Part One of The Current


It's Wednesday, November 30th.

New documents show federal bureaucrats were ordered to use the term "Harper government" instead of "Government of Canada" in their communications.

Currently, the same documents suggest it would save taxpayers a lot on stationery if Harper just stayed in power forever.

This is The Current.

Harperized: Rebranding the federal government

We started this segment with a Liberal MP Joyce Murray speaking during yesterday's Question Period. And that quote she was reading was from documents that came to light in a news report yesterday.

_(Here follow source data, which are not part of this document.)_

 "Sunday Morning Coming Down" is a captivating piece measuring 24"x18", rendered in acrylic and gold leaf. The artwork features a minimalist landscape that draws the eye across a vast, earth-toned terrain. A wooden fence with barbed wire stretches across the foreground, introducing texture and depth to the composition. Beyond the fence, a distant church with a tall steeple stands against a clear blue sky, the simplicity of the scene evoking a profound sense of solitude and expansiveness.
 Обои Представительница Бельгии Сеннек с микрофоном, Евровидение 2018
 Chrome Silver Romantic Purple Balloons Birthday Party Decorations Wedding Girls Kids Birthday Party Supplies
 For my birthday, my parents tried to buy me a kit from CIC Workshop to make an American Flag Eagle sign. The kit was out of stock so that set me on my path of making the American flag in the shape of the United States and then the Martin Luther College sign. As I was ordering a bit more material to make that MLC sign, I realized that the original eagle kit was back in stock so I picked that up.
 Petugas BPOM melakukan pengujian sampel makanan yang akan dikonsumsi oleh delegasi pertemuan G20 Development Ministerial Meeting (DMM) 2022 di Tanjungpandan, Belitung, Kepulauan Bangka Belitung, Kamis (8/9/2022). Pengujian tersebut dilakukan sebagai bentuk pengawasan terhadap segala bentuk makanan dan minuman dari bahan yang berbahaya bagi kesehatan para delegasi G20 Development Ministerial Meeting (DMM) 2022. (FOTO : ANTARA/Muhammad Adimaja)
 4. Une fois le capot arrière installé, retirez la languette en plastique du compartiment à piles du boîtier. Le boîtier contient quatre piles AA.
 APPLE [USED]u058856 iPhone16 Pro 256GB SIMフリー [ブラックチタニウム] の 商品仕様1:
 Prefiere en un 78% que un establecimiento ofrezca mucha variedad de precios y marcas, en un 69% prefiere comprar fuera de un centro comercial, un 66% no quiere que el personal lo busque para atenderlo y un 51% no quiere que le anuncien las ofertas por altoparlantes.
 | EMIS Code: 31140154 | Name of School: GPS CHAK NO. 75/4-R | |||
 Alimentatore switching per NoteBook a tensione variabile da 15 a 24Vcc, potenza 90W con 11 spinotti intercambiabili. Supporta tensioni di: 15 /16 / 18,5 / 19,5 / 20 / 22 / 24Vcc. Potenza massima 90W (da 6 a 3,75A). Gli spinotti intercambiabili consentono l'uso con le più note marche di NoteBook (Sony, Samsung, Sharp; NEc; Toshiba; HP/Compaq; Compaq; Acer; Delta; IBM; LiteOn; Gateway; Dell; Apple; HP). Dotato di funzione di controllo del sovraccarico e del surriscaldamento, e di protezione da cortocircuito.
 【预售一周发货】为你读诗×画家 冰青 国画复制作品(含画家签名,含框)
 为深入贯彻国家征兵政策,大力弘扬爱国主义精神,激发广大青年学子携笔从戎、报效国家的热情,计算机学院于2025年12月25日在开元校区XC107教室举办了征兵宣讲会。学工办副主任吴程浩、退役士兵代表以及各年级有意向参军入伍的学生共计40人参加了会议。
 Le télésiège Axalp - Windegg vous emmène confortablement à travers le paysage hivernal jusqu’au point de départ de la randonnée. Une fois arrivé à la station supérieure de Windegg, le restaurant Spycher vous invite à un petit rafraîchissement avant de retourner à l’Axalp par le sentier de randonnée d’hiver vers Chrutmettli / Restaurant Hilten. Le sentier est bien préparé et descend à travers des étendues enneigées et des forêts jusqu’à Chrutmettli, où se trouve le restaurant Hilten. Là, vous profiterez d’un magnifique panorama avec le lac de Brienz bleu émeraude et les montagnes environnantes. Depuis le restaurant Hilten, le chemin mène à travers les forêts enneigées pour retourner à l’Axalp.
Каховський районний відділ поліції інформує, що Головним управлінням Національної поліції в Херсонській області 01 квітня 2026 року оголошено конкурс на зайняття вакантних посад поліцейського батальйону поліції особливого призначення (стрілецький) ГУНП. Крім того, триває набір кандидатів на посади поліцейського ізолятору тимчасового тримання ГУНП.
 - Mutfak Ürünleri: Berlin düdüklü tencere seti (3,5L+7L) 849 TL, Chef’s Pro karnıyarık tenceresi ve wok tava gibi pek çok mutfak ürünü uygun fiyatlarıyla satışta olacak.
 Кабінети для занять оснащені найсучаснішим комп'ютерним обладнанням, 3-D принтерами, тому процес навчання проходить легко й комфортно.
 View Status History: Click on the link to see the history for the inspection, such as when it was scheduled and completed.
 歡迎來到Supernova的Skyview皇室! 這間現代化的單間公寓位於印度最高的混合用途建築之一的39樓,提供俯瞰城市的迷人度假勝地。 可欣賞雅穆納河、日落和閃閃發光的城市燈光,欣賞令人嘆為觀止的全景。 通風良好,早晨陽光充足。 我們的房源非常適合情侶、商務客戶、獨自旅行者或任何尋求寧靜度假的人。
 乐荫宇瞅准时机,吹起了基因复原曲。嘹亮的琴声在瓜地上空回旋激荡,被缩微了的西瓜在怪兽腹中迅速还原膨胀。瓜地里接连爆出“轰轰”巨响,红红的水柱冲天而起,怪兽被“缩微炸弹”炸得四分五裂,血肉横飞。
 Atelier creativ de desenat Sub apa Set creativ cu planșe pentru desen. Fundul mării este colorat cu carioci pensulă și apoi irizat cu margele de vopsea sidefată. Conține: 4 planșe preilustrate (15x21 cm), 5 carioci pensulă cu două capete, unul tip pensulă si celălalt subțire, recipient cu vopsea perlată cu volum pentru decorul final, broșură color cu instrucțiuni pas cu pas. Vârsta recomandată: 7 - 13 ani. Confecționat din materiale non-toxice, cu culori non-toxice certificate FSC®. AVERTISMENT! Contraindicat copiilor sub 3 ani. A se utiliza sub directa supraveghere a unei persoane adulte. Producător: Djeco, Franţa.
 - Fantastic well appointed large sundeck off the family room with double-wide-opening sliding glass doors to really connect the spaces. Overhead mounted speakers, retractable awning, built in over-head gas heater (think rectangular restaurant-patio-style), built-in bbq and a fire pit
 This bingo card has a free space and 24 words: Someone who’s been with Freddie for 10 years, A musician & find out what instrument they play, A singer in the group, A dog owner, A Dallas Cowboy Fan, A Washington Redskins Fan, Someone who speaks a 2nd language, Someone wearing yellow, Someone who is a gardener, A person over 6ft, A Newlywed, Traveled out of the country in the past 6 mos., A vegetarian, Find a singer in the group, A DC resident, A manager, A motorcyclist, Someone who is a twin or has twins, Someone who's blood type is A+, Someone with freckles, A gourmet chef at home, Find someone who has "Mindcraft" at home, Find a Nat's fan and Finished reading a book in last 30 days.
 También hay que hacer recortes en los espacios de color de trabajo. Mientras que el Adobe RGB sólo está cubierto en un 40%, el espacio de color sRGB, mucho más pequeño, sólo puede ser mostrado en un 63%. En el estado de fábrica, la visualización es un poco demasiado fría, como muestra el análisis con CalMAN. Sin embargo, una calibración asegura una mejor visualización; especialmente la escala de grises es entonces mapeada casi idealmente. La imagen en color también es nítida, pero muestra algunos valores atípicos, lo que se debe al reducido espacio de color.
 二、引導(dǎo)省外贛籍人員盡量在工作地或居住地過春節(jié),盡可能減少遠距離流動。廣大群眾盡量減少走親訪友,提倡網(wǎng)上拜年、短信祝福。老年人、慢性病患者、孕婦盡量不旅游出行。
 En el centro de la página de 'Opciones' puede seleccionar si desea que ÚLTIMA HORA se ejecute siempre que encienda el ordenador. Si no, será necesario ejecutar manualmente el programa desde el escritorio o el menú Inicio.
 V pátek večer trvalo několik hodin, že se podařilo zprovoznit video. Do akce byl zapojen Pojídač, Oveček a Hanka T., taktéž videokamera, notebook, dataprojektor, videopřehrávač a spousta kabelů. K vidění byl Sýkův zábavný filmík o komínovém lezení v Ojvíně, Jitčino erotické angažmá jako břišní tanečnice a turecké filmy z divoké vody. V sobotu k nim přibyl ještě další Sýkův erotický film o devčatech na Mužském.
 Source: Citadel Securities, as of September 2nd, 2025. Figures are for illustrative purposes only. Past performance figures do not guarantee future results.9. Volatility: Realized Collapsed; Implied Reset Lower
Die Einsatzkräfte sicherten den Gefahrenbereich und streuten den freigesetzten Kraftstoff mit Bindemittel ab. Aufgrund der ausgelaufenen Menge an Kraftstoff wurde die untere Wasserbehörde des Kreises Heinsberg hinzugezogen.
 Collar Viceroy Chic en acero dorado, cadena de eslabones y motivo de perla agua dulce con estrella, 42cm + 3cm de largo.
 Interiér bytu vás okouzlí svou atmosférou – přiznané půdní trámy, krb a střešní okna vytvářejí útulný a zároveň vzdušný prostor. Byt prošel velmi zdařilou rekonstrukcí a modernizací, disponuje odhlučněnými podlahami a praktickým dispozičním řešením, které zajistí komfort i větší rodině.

Those documents suggest the Privy Council Office ordered federal bureaucrats to refer to the Government of Canada as the Harper Government.

For months, the Prime Minister's office has denied any such order exists. Yesterday, President of the Treasury Board, Tony Clement, responded to MP Joyce Murray by saying this kind of political branding happens all the time. We heard from Tony Clement explaining how the Government of Canada became the 'Harper government.'

But others offer a different reason for the rebranding of the federal government. They say it's all part of an unprecedented politicization of the bureaucracy and control over departmental messaging.

We were joined by three guests today. Jennifer Ditchburn is one of the Canadian Press reporters whose story inspired the exchange we heard off the top. Lawrence Martin is a columnist with the Globe and Mail and author of Harperland: The Politics of Control. And Conservative Dean Del Mastro is the MP for Peterborough and the parliamentary secretary to Prime Minister Stephen Harper. They were all in Ottawa.